→ **PROBLEM STATEMENT**
Taking only the lines of the data below from the line with "毛衣 圓領套頭衫 側邊開衩 顯瘦 百搭 成人 可愛 休閒 時尚 春秋" to the line with "圖為王洪文慰問鄧穎超,他的身后分別是葉劍英和鄧小平。", ends included, write them out exactly and without pictures.

→ **DATA SUPPLIED**
◆ ◆ ◆ ◆ ◆

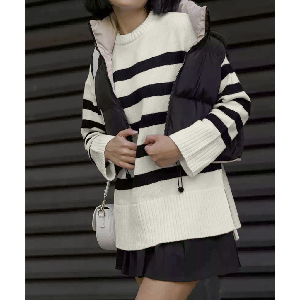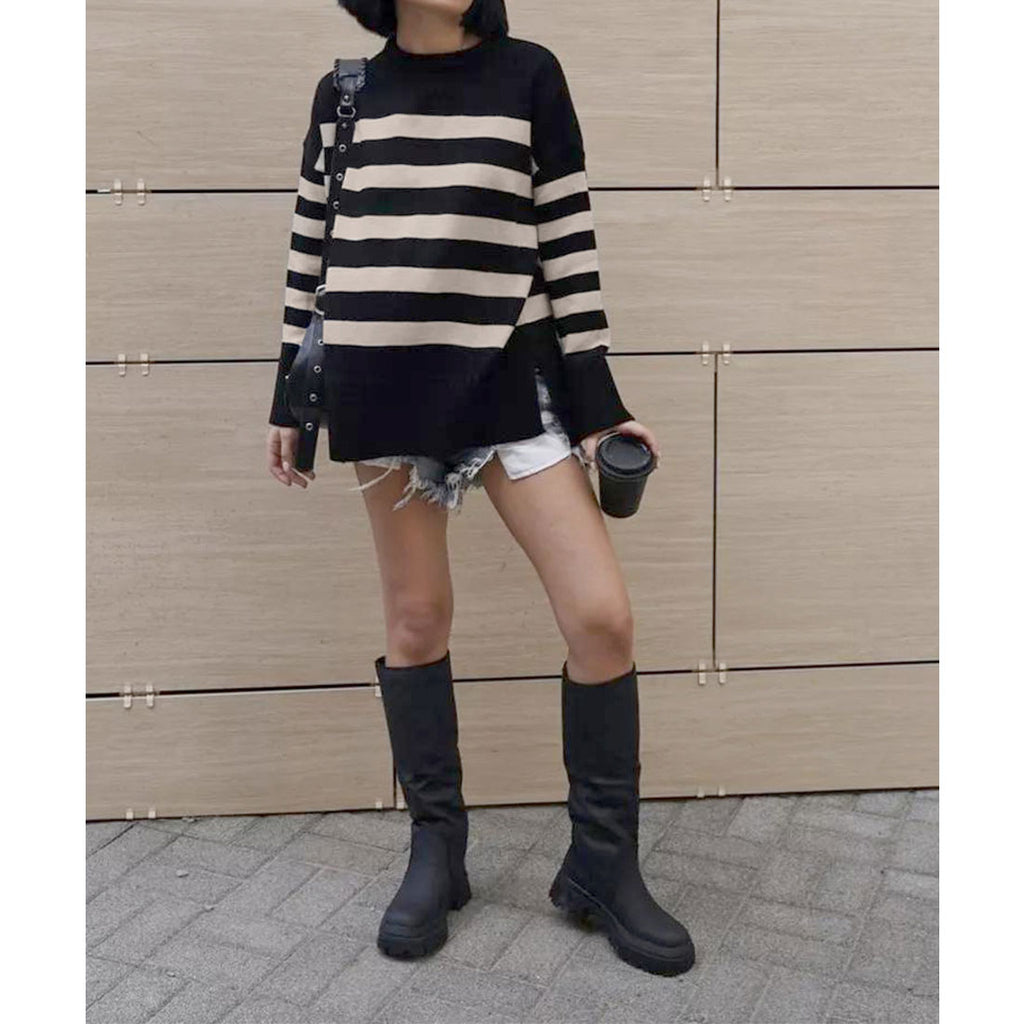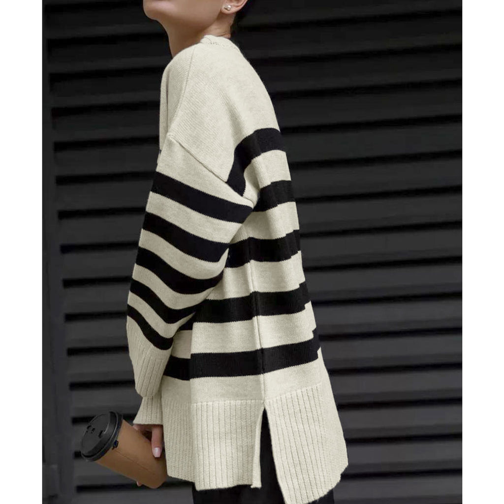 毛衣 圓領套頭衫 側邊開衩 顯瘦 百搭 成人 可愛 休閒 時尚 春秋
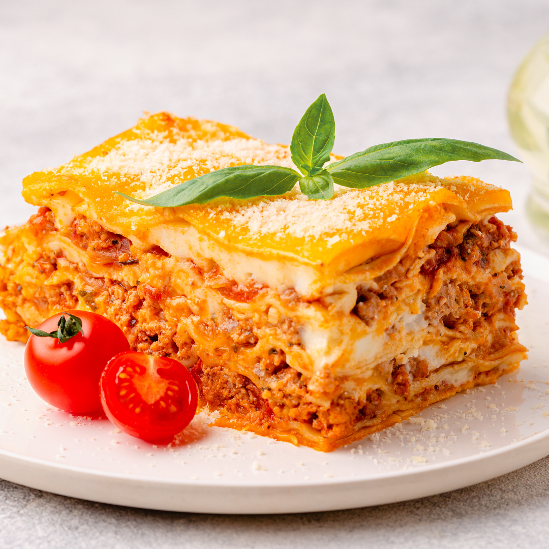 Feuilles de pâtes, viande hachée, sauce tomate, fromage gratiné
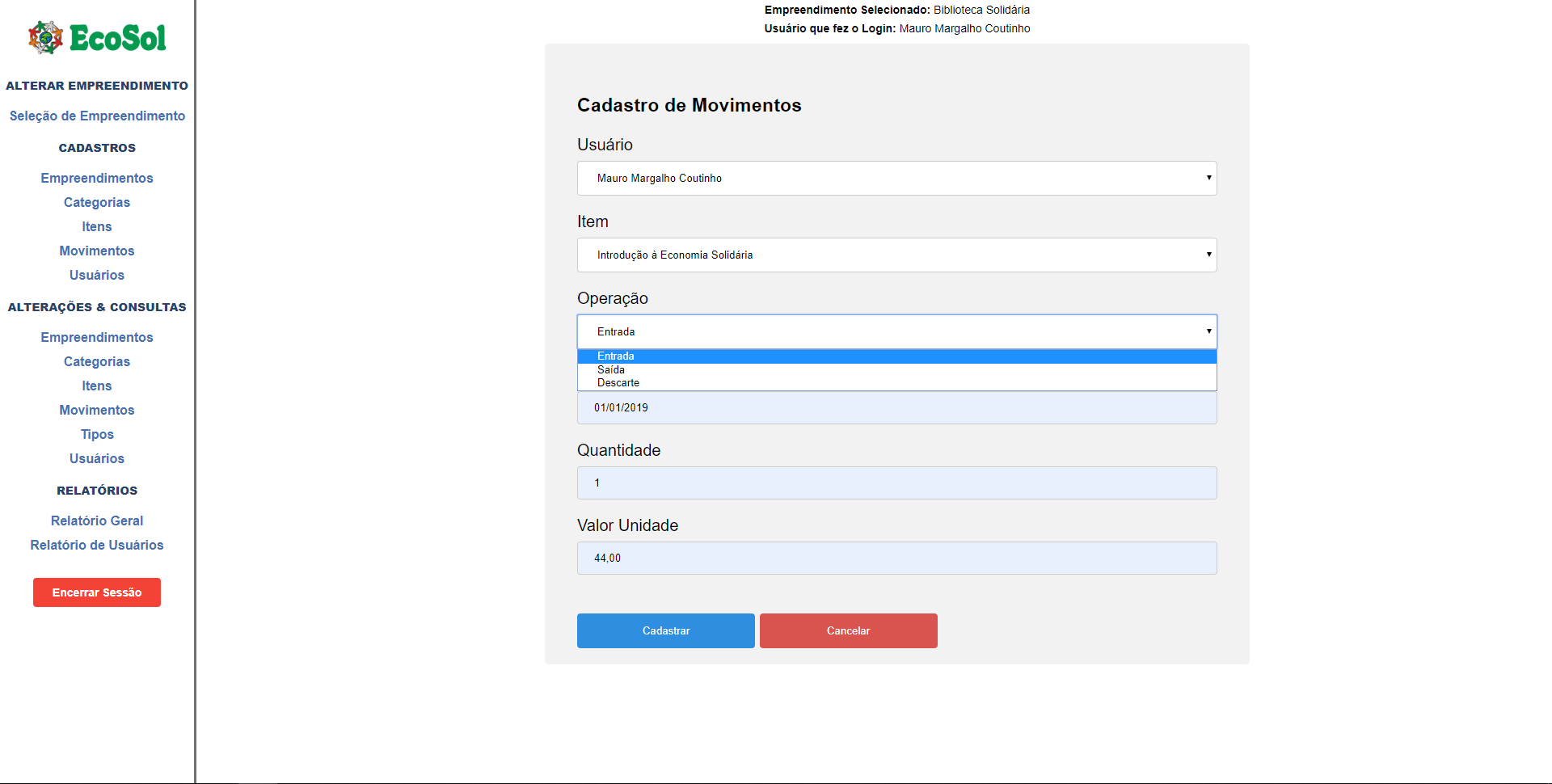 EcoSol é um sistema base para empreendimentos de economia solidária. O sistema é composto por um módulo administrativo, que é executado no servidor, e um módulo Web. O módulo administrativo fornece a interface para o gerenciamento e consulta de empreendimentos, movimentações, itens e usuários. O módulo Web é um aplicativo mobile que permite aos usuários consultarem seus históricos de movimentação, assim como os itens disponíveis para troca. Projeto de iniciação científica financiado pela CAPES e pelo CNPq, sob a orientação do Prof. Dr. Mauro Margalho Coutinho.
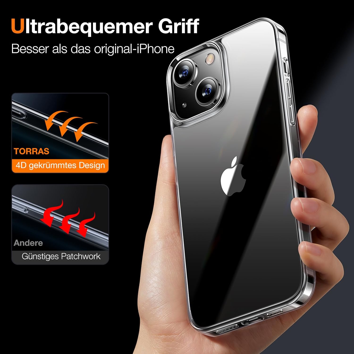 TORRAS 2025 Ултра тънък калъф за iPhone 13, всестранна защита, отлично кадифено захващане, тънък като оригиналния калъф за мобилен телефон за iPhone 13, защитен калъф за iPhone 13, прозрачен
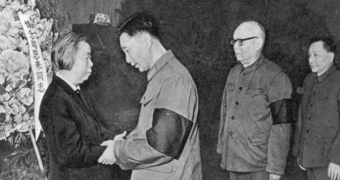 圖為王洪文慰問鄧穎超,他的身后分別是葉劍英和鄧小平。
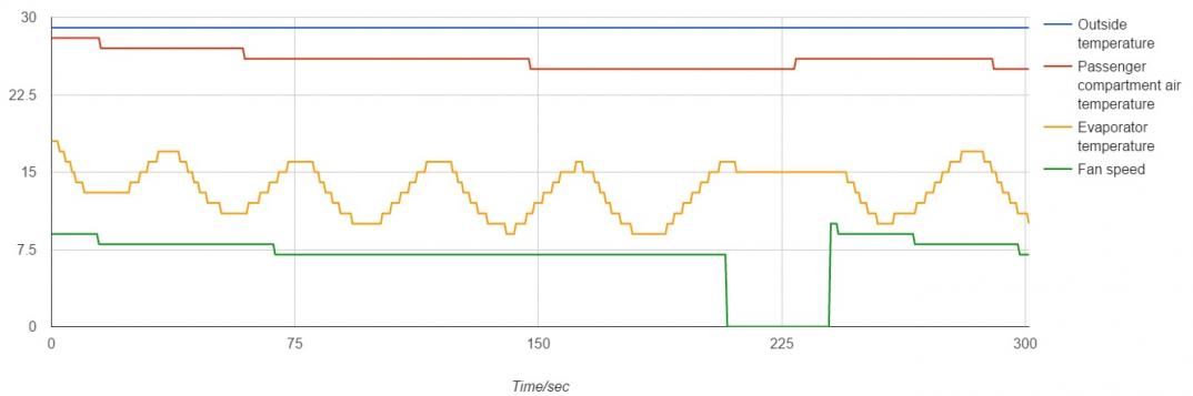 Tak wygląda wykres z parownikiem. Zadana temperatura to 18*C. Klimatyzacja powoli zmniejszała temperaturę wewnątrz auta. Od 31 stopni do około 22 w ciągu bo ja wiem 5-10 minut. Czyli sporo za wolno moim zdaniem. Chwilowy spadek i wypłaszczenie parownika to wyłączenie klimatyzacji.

◆ ◆ ◆ ◆ ◆

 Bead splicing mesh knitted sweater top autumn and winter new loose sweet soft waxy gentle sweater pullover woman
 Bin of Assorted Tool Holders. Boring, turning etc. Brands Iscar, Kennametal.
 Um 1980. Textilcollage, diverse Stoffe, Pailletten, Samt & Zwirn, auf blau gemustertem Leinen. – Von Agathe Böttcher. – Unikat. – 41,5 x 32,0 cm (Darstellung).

◆ ◆ ◆ ◆ ◆

→ **OUTPUT FOR THIS TASK**
 毛衣 圓領套頭衫 側邊開衩 顯瘦 百搭 成人 可愛 休閒 時尚 春秋
 Feuilles de pâtes, viande hachée, sauce tomate, fromage gratiné
 EcoSol é um sistema base para empreendimentos de economia solidária. O sistema é composto por um módulo administrativo, que é executado no servidor, e um módulo Web. O módulo administrativo fornece a interface para o gerenciamento e consulta de empreendimentos, movimentações, itens e usuários. O módulo Web é um aplicativo mobile que permite aos usuários consultarem seus históricos de movimentação, assim como os itens disponíveis para troca. Projeto de iniciação científica financiado pela CAPES e pelo CNPq, sob a orientação do Prof. Dr. Mauro Margalho Coutinho.
 TORRAS 2025 Ултра тънък калъф за iPhone 13, всестранна защита, отлично кадифено захващане, тънък като оригиналния калъф за мобилен телефон за iPhone 13, защитен калъф за iPhone 13, прозрачен
 圖為王洪文慰問鄧穎超,他的身后分別是葉劍英和鄧小平。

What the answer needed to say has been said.